Hmm.. If you run a SPIFFS_check, is it recovered? Guess not, as you get ERR_DELETED, but still.. Also, do you have a code example of how to reproduce this? I will probably need to add interrupted write capability to the test bench if I haven't done it already.

2017-03-16 16:45 GMT+01:00 Deomid Ryabkov [email protected]:

sorry, that's a lot of output. the important bit is at the very end: sys_config_schema.json could not be read.

— You are receiving this because you are subscribed to this thread. Reply to this email directly, view it on GitHub https://github.com/pellepl/spiffs/issues/137#issuecomment-287099532, or mute the thread https://github.com/notifications/unsubscribe-auth/AE3NV3tbEAkQow3GWwqshFzlUv3HjyOuks5rmVkigaJpZM4MffWW .

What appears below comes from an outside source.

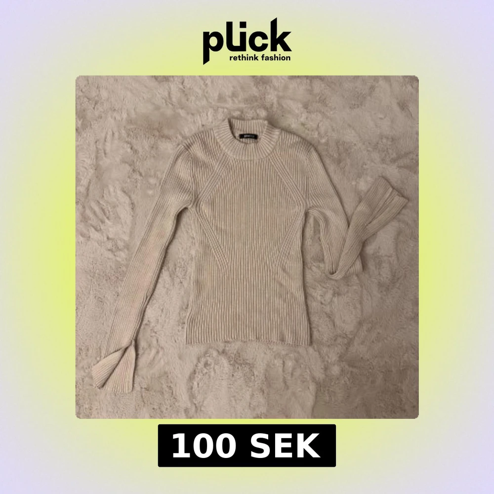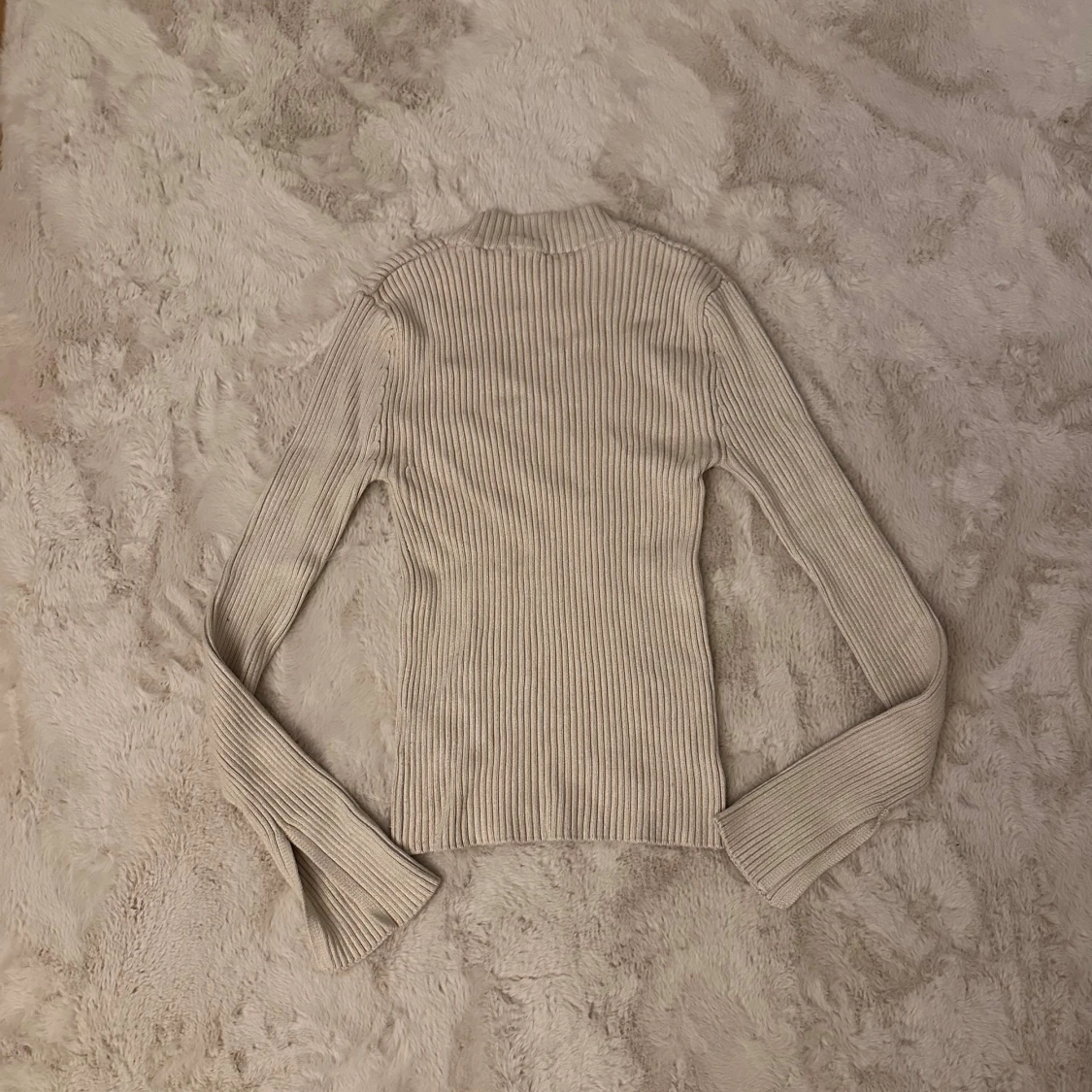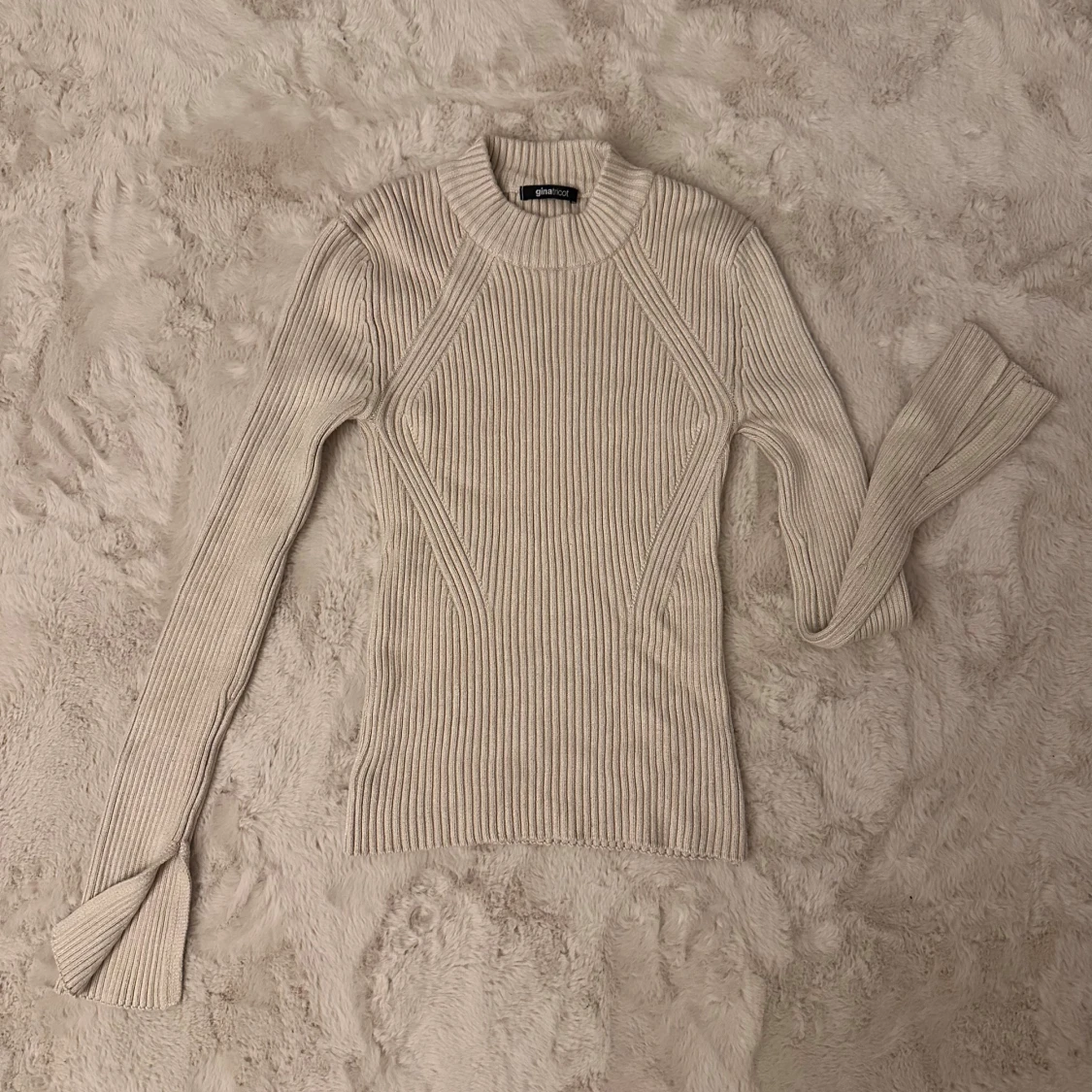 Supersnygg beige ribbad tröja från Gina Tricot med ribbad struktur och figurnära passform. Tröjan har långa ärmar och en högre rund halsringning.

pellepl avatar Mar 16 '17 15:03 pellepl

see attached

stupid_github.zip

[rojer@nba ~/cesanta/qwe master]$ tar xjf sptest.tar.bz2                                                                                                                                                
[rojer@nba ~/cesanta/qwe master]$ cd spiffs/tools/                                                                                                                                                                                            
[rojer@nba ~/cesanta/qwe/spiffs/tools master]$ make ./spls ./sptest SPIFFS_CONFIG_PATH=.
gcc -I. -I. -I/home/rojer/cesanta/qwe/spiffs/tools/.. -o spls spls.c mem_spiffs.c /home/rojer/cesanta/qwe/spiffs/tools/../spiffs_cache.c /home/rojer/cesanta/qwe/spiffs/tools/../spiffs_gc.c /home/rojer/cesanta/qwe/spiffs/tools/../spiffs_nu
cleus.c /home/rojer/cesanta/qwe/spiffs/tools/../spiffs_check.c /home/rojer/cesanta/qwe/spiffs/tools/../spiffs_hydrogen.c /home/rojer/cesanta/qwe/spiffs/tools/../spiffs_vfs.c -Wall -Werror -DNO_ESP -DSPIFFS_TEST_VISUALISATION -g 
gcc -I. -I. -I/home/rojer/cesanta/qwe/spiffs/tools/.. -o sptest sptest.c mem_spiffs.c /home/rojer/cesanta/qwe/spiffs/tools/../spiffs_cache.c /home/rojer/cesanta/qwe/spiffs/tools/../spiffs_gc.c /home/rojer/cesanta/qwe/spiffs/tools/../spiff
s_nucleus.c /home/rojer/cesanta/qwe/spiffs/tools/../spiffs_check.c /home/rojer/cesanta/qwe/spiffs/tools/../spiffs_hydrogen.c /home/rojer/cesanta/qwe/spiffs/tools/../spiffs_vfs.c -Wall -Werror -DNO_ESP -DSPIFFS_TEST_VISUALISATION -g 
[rojer@nba ~/cesanta/qwe/spiffs/tools master]$ ./sptest 0xdb000.bin 38 && ./spls boom.bin 0xc9c55669
=== Will fail at write #38
...
-- files:
 server.key.pem: 916 0x055a86e7
 conf1.json: 803 0x1b18434d
cannot read sys_config_schema.json, err: -10004

rojer avatar Mar 16 '17 16:03 rojer

Hi @rojer, looked into it a little. The fact that an untouched file becomes corrupt during an aborted GC is really no mystery, as all files in the block being cleaned are actually pretty brutally touched during the gc. As for the error, a SPIFFS_check seem to fix it IIANM.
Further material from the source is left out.